The Board accentuated its censure by renewing Lara's captaincy for only two Tests of the ensuing home series against Australia. He was, effectively, on probation and when a team even weaker in batting than it is now, collapsed to 51 all out to lose the first Test by a mile, his position hung on a thin thread.

The burden was as intense at the end of the opening day of the second Test in Kingston as it was in Antigua this time.

The West Indies were 34 for four, replying to Australia's 256, and yet another collapse to defeat seemed inevitable.

What followed was the stuff of dreams.

 

In spite of — or, more probably, because of — his own and his team's crisis, Lara amassed 213 and followed with an unbeaten 153 in the second innings of the next Test, still arguably his finest Test innings, that virtually single-handedly sent the West Indies into an implausible 2-1 lead in the series.
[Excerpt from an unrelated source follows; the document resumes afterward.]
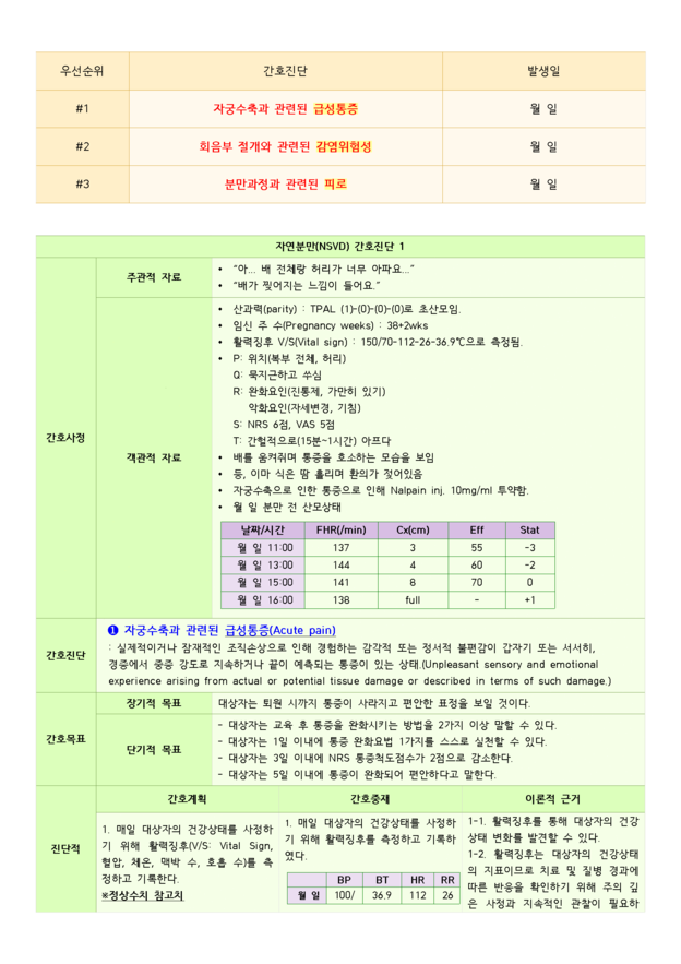 자연분만(NSVD) 간호진단 1

He reeled off a third hundred in the last Test but it was not enough to prevent Steve Waugh's desperate team claiming victory that earned them a share of the spoils.

 

In the final Test against England, the series was already gone but as much was at stake. Each time, his performance rekindled the confidence and assuaged the anguish of people to whom cricket is all but life itself.

In 1999, the revival was short-lived. Within a year, Lara was resigning the captaincy, citing "modest success and devastating failure" during his stewardship and taking a break from the game.

Only time will tell whether the impact is of more lasting significance but, for the time being, West Indians are relishing the reflected glory of the greatest batting achievement in Test cricket history.